Creating Custom Electrodes

Copper tape, conductive fabric, through-material sensing, and designing reliable electrode shapes for diverse substrates.

⏱ 18 min read electrodes copper tape conductive fabric through-material sensing

What makes a good electrode?

A Touch Board electrode is any conductive material connected to one of the 12 pads. The MPR121 doesn’t care about material, shape, or size — it measures capacitance change. But physical choices affect reliability, aesthetics, and sensitivity.

Good electrodes have:

  • Low resistance to the Touch Board — under 1 MΩ; ideally under 100 kΩ
  • Stable physical connection — won’t detach during use
  • Appropriate size — large enough to detect a touch, small enough to avoid cross-coupling
  • Good isolation from adjacent electrodes — at least 5mm of non-conductive material between traces

Material options

1. Copper tape

Best for: paper projects, prototyping, clean straight lines, soldering

Self-adhesive copper tape (3M 1181 or similar) is highly conductive, easy to cut, and can be soldered.
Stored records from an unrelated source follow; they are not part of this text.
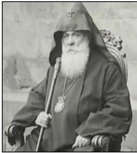
հարկ ըլլայ կեանքս տալ անոր», այն պահուն երբ հայ գուևդի գորավարը էջմիածին գալով կը թելադրէր Գեորգ Ե. Կաթողիկոսին որ ապահովութեան համար Սեւանայ վանքը փոխադրուէր առժամաբար:

Այդ կը նշանակէր մէկ բան. Մայր Աթոռը ստիպուած էր հեռատեսութեամբ, իրապաշտօրէն, իմաստութեամբ եւ ներքին արիութեամբ դիմագրաւելու Խորհրդային կարգերու ստեղծումն ու ներթափանցումը, նկատի առած Գեորգ Ե. Կաթողիկոսի վճռական պահերը երբ Մարդարապատի կռիւը տեղի կ'ունենար միայն երեք տարի առաջ, 1918-ին, ու հայրողիք Հայրապետի օրհնութեամբ կը վտարէին թուրք թշնամին հայրենի հողէն, էջմիածնէն ու Երեւանէն, որոնց դռներուն հասած էր թշնամին: Հայրապետը այն ատեն ըստ էր «Կը մնամ այստեղ ու Մայր Աթոռի առաջ եւ պաշտպան կը կանգնիմ եթէ նոյնիսկ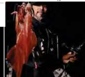
C68MH / FSL

Un peu plus puissant, ce modèle spinning permet de manier des egi squids de 15 à 45 g. Il peut aussi soutenir les plombées de vos montages tatakï jusqu'à 180 g. Cette canne est donc parfaite pour les pêches profondes, avec une forte dérive ou en présence de courants puissants.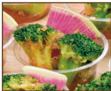
ブロッコリーのマリネ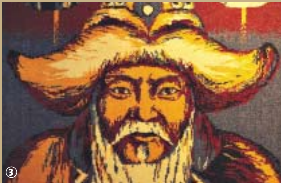
Maison guillaume de Rubrouck.

Comment Rubrouck, ce « marais broussailleux » peut-il être connu jusqu'au fin fond de l'Asie ? La réponse est dans le croquis et la foi d'un moine franciscain, nommé Guillaume, né vers 1220, missionné par Saint-Louis pour évangéliser la Mongolie. Le 7 mai 1253, il part de Constantinople pour débarquer en Crimée ; le 22 juillet il traverse Don, franchit l'Oural, les Monts de l'Altai et parvient en Mongolie. Le 27 décembre, il rencontre le Grand Khan, empereur de Mongolie, qui régnait alors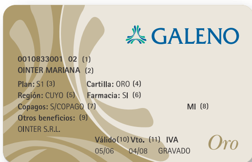
Credencial vigente para socios GALENO Oro

Available in widths from 3mm to 50mm.

Application tips:

  • Press firmly — the adhesive needs full contact to conduct at joints
  • Fold around corners rather than cutting — cuts break the tape
  • Burnish with a flat tool to ensure adhesion
  • Solder connections rather than relying on pressure for permanent installs

2. Aluminium foil / kitchen foil

Best for: quick prototypes, classroom projects, temporary installs

Lower conductivity than copper but works well. Cannot be soldered — connect with crocodile clips or conductive tape.

3. Electric Paint

Best for: curved surfaces, organic shapes, painted artwork, fabric

Covered in detail in Starter article 7. Key points for electrodes: use multiple thick layers, and check resistance with a multimeter.
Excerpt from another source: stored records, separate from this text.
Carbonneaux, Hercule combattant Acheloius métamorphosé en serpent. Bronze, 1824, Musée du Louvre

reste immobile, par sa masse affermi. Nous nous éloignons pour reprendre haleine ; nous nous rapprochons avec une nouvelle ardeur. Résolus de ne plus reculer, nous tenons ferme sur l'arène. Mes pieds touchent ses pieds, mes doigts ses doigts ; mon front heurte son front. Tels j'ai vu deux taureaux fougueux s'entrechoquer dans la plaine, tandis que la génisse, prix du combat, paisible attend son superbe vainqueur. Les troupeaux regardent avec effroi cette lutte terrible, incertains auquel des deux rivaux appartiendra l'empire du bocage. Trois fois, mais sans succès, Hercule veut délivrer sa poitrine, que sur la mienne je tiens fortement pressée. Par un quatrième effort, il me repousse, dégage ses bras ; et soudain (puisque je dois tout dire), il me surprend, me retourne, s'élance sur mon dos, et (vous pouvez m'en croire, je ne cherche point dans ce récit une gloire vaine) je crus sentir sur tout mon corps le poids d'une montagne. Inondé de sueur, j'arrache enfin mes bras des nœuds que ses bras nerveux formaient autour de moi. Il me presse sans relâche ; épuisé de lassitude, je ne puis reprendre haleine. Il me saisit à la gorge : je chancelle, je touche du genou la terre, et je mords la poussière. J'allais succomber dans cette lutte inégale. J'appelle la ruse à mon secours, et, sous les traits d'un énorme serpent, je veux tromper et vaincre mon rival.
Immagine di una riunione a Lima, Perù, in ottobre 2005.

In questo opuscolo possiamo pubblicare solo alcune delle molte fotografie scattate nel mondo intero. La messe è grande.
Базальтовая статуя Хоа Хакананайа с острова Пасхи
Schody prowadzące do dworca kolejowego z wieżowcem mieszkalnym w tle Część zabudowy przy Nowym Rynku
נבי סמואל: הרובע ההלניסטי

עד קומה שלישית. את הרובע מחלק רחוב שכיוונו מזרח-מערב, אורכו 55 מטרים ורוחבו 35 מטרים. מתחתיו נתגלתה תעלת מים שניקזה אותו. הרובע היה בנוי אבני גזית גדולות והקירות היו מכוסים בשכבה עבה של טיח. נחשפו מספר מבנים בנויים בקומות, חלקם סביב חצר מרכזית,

4. Conductive fabric and e-textiles

Best for: wearables, soft interfaces, fabric art

Options:

  • Shieldex Carbonflexx — lightweight, washable, solderable
  • LessEMF silver-coated nylon — very low resistance, less washable
  • Plug and Wear conductive fabric — easy to sew, designed for e-textiles

Attach to Touch Board pads with crocodile clips or sew a conductive thread connection. The fabric itself is the electrode — no paint needed.

5. Bare wire / tinned copper wire

Best for: hidden electrodes inside objects, 3D electrode shapes

Soldering hook-up wire directly to the Touch Board pad and then shaping or hiding the wire. Works through thin material (paper, thin leather, thin plastic).

6. Fruit, plants, and water

Yes, these work. Plants and fruit are about 70% water, making them reasonable conductors. Wire one end into a pot plant or piece of fruit and the other to a Touch Board electrode. Touch the plant to trigger a sound.

Through-material sensing

The MPR121 can detect touch through non-conductive material if it’s thin enough:

Material Max thickness for reliable touch
Printing paper 1mm
Card / mount board 3mm
Thin fabric 2mm
Glass 5–8mm (with sensitivity boost)
Acrylic/perspex 3mm

To sense through material: place the electrode behind or inside the material, set higher sensitivity (lower touch threshold). The finger’s capacitance couples through the insulating layer.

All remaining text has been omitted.